Samsung Galaxy A 51

„Nein, ich knipse nicht mit einem Smartphone!“

„Nein! Niemals!“

Und nun hab ich es doch getan… Zufall. Wir waren auf Besuch in einem Altenheim in Bredstedt. Danach haben wir uns die Zeit genommen, mal wieder an die Küste zu fahren. War ja nicht weit. Und zwar befanden wir uns nach gut 25 Minuten im

Vogelschutzgebiet „Hauke-Haien-Koog“

Katastrophale Ereignisse

Deichbrüche im Hinterland

Auf dem Weg in die Nordsee fließen die Soholmer Au und Lecker Au im Bongsieler Kanal zusammen. Insgesamt entwässern sie 72.000 ha Land. Wegen Packeislage vor den Schleusentoren blieben 1947 die Schleusen mehrere Tage geschlossen. Das Süßwasser konnte nicht mehr abfließen, die flussbegleitenden Deiche brachen und große landeinwärts liegende Flächen wurden überschwemmt. Im Jahr 1954 brachen die Flussdeiche erneut: Es musste etwas geschehen!

Der Hauke-Haien-Koog – Deichbau mit neuer Zielsetzung

Die Eindeichung des Hauke-Haien-Koogs 1959 erfolgte unter einer neuen Zielsetzung. Der bau des Deiches diente nicht nur der reinen Landgewinnung, vor allem sollten die Überschwemmungen durch die Flüsse verhindert werden. Bislang wurden immer bereits vorhandene Marschflächen eingedeicht, um neues Land zu gewinnen. Der Deich des Hauke-Haien-Koogs wurde aber nicht an der Grenze des deichreifen Vorlandes angelegt, sondern in einem großen Bogen durch das Wattenmeer gebaut. Im östlichen teil war auf 500ha ehemaligen Vorland eine landwirtschaftliche Nutzung möglich. Auf 700 ha Wattenmeerboden entstanden zwei große Speicherbecken. Sie können jetzt die Wassermassen des Bongsieler Kanals aufnehmen und Überflutungen im Binnenland verhindern, wenn die Schleusen des Sperrwerks Schlüttsiel bei Sturmfluten geschlossen bleiben. Das Wasser wird später aus den Becken wieder abgelassen.

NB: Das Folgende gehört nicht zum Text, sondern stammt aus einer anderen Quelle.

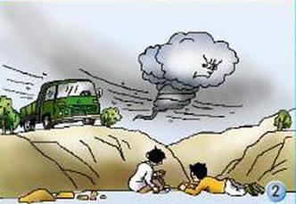 3.应迅速朝龙卷风移动方向的垂直方向跑动,伏于低洼地面、沟渠等,但要远离大树、电线杆、广告牌、围墙等,以免被砸、被压或发生触电事故。
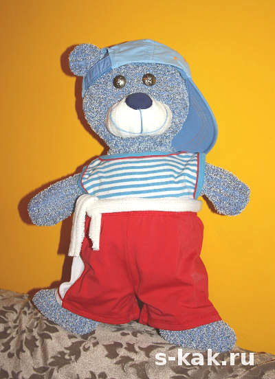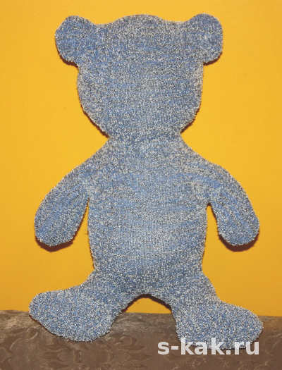 - Голову, туловище и лапки соединяют при помощи потайного шва. В двух — трёх местах пришивают декоративные заплатки голубого цвета.
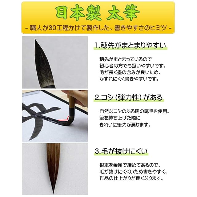 コシが強くまとまりやすい日本製太筆のセットです。卒園祝い・卒園記念品、新一年生・新入学準備品、入学祝い・入学記念品に最適!小学校の授業で使える小学生向け書道セットです。
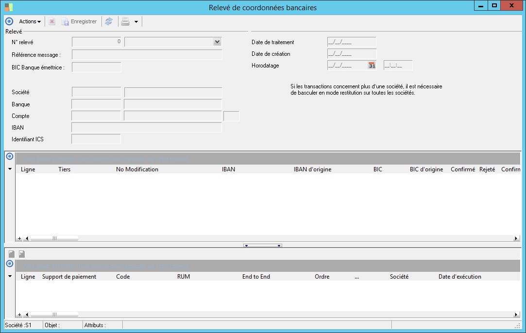 (Sage FRP 1000 Banque Paiement) Menu Banque Paiement > Relevés et Notifications > Relevés de coordonnées bancaires > Relevé de coordonnées bancaires
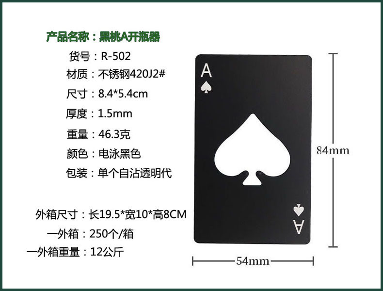ビールドライバースペードaクレジットカード式ボトルオープナークリエイティブトランプ型ステンレスホームツールボトルオープナー
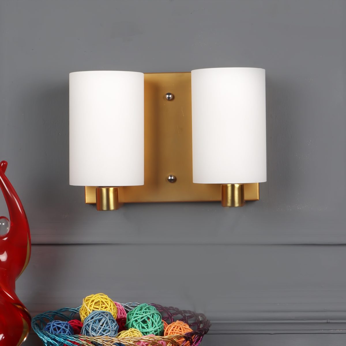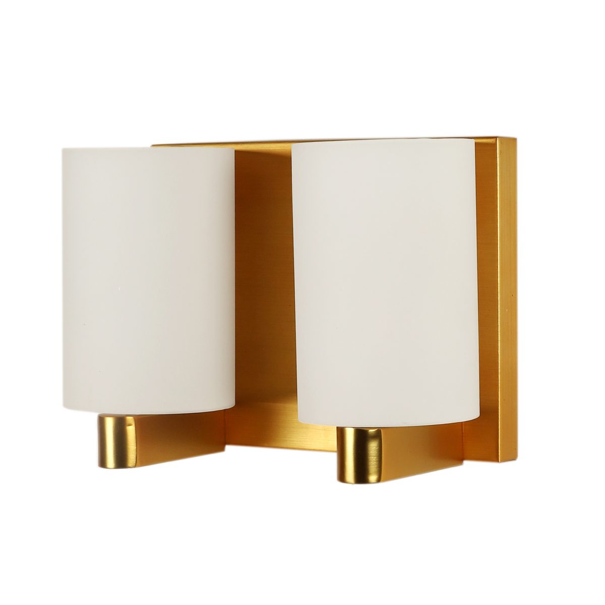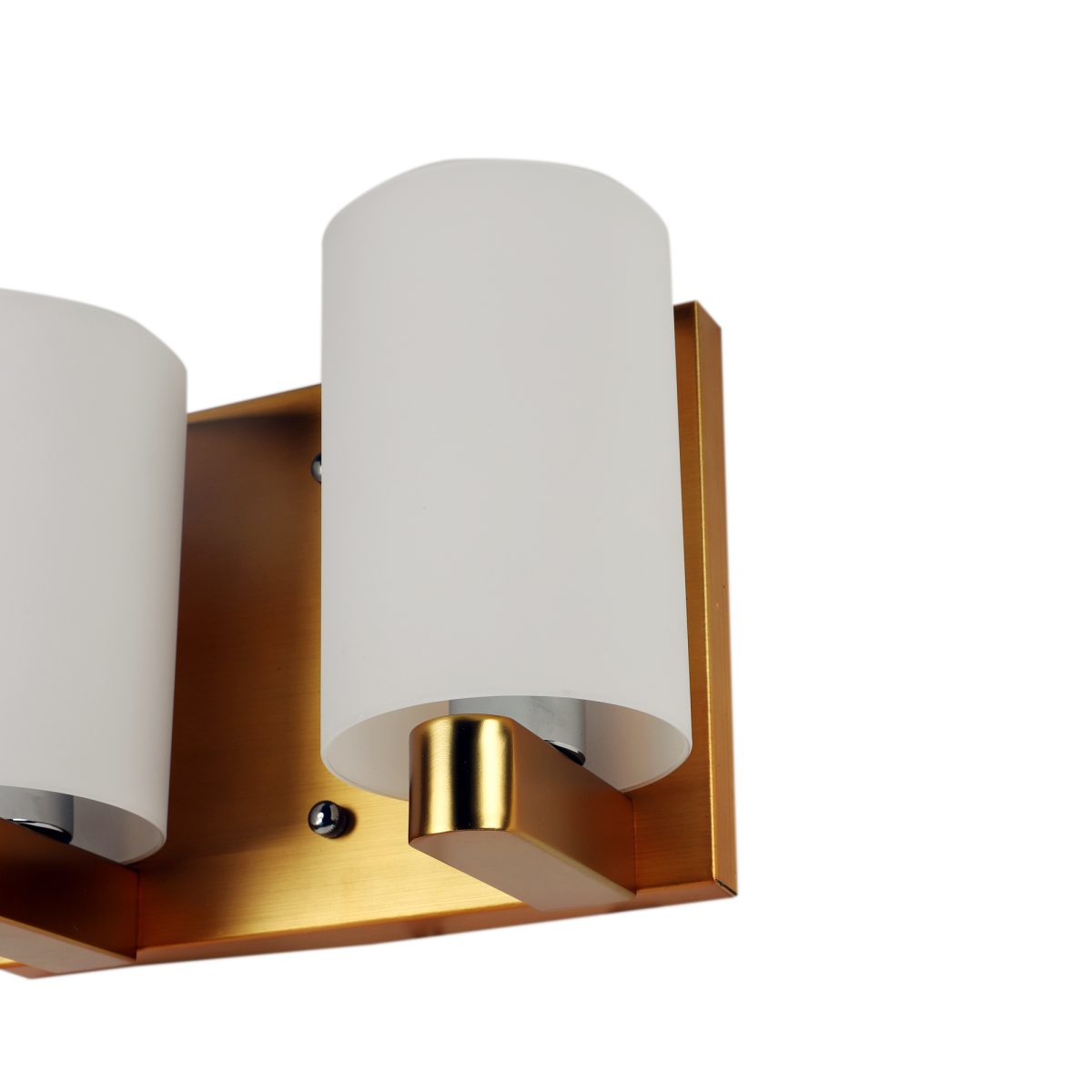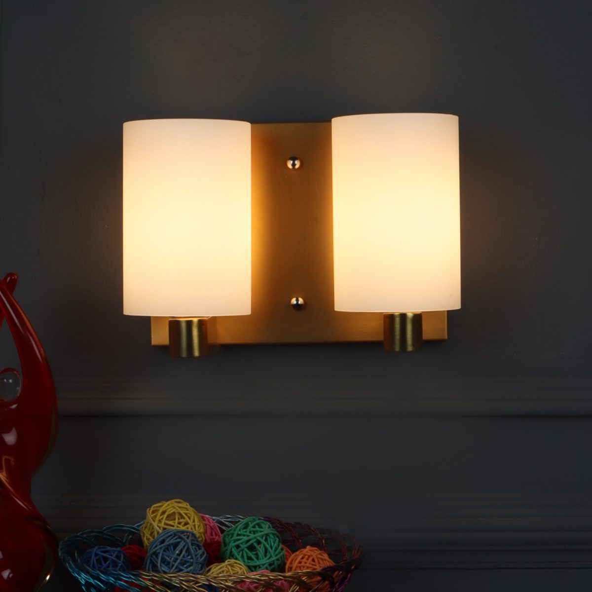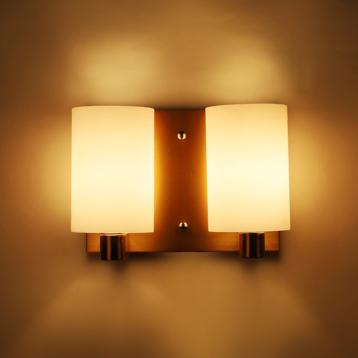 Modern antique gold finish double wall light made of mild steel, with a round cylindrical long white glass. It is maintenance free, glass is open from both the sides that prevents any dust collection, easy to remove glass and wash it, comes with an E27 holder, only the change of lamp is required, which is available locally everywhere. You can of course swap out the bulb for one that is dimmable, has a higher light output or a different color temperature. Application includes both residential and commercial premises wherever it matches with your interiors. Matching single wall light code – WL2241. All variations available in silver (satin nickel) and dark brown (wood) finish also. It is one of the top selling product in our catalogue. Can be customized as per requirement in case of bulk quantities. Lamp not included.
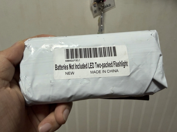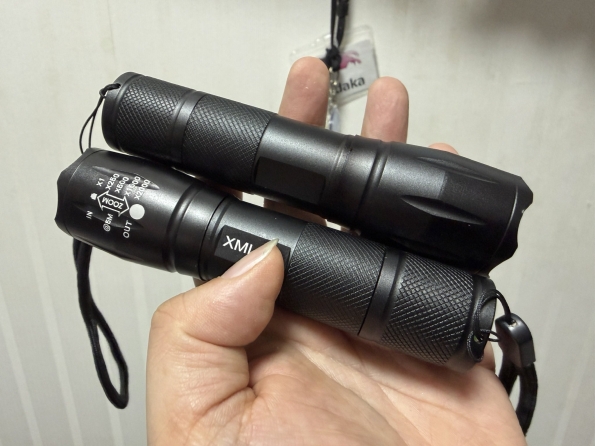 懐中電灯2個セット。よくある形でよくある機構。家にあった単四電池3個を入れたら無事点灯。
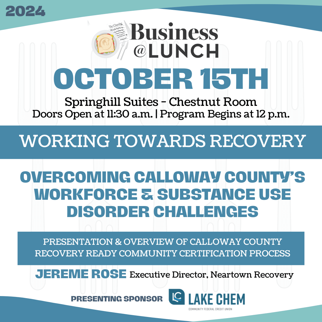 We are honored to welcome Jereme Rose, Executive Director of Neartown Recovery, as our keynote speaker. Jereme will lead a vital discussion on the steps Calloway County is taking to address these challenges head-on, offering an overview of the Calloway County recovery ready community certification process. This presentation is essential for business leaders, community stakeholders, and anyone committed to fostering a healthier, more resilient workforce.
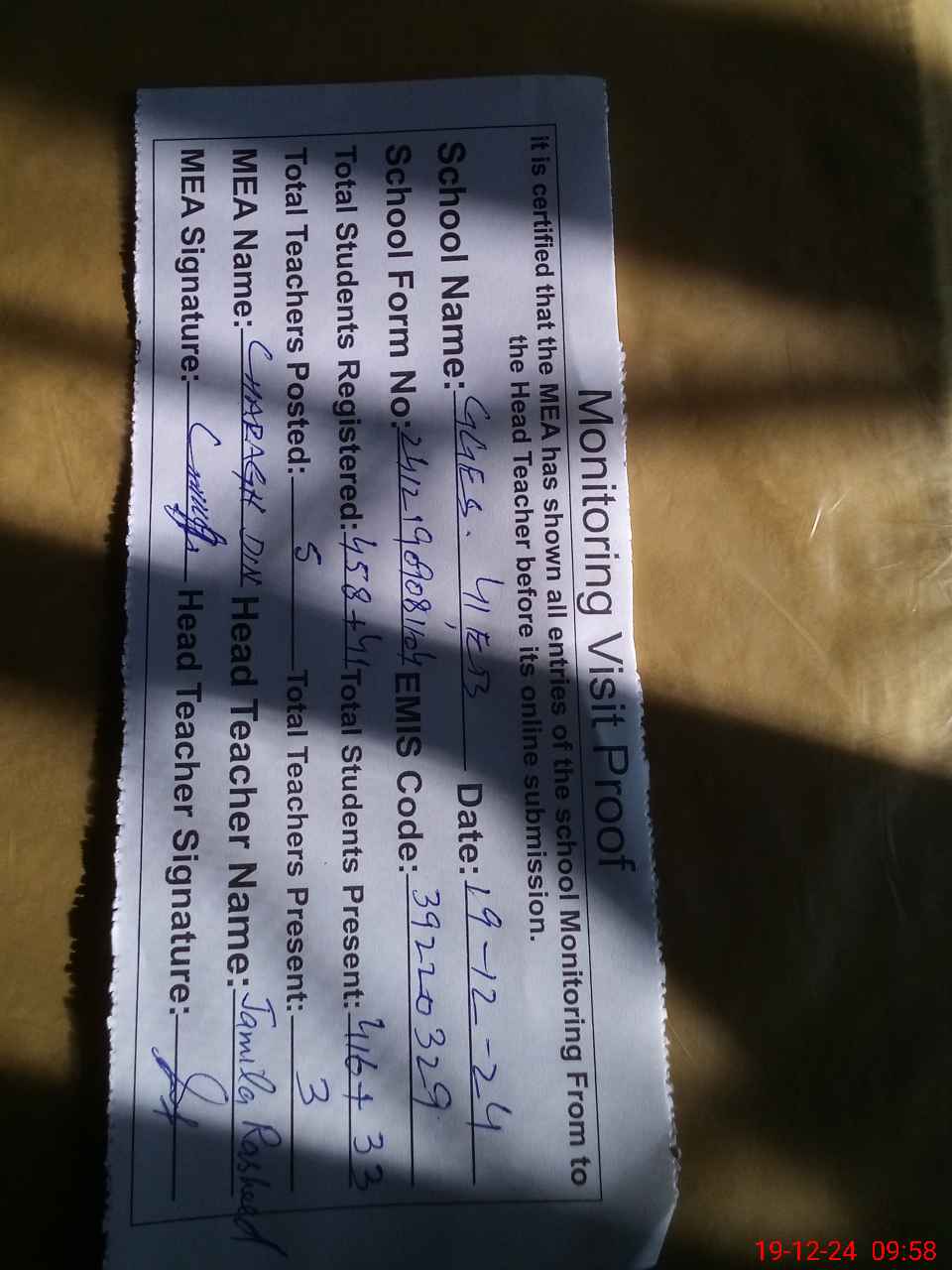 | Attendance Register | Head Teacher | MEA with School | Visit Proof |

Da ich nur mein Smartphone mit hatte, und weil ja bekanntlich die beste Kamera immer die ist, die man dabei hat, versuchte ich mich mal damit. Spaß machte es nicht, alles viel zu flach, zu fisselig und fürs „handbegreifliche“ Fotografieren wie ich es gelernt habe, völlig ungeeignet.

Ich entschied mich für die volle Breitseite… macht schon was her, so ein Panoramaformat.

Das passiert, wenn man den digitalen Zoom verwendet… Fingerspreitzzoom… Würg….

Immer was los – ein Eldorado für Zugvögel

Die Speicherbecken mit den großen Schilfflächen und den Flachwasserbereichen haben sich zu einem wertvollen Brut- und Nahrungsbiotop für Vögel entwickelt. Im Herbst und Frühjahr beeindrucken die vielen Zugvögel, allen voran Gänse und Enten. Sie rasten hier und fressen sich wichtige Nahrungsreserven für den Weiterflug an. Auch im Sommer wird es voll auf den Gewässern. Ab Mitte Juni versammeln sich große Scharen von Graugänsen zur Mauser ihrer Schwungfedern. In dieser zeit sind sie für ca. vier Wochen flugunfähig und benötigen den Schutz der großen Wasserflächen. Selbst im Winter wird es nicht leer. Ein paar Wintergäste aus Skandinavien finden immer noch genügend Nahrung. Zwerg- und Singschwäne übernachten auf den Wasserflächen, am Deich fliegen Schneeammern und Ohrenlerchen umher.

Text: Schautafel

Seltsam, was da alles angeschwemmt wird… da lagen enorm viele von den Dingern rum… Grübel…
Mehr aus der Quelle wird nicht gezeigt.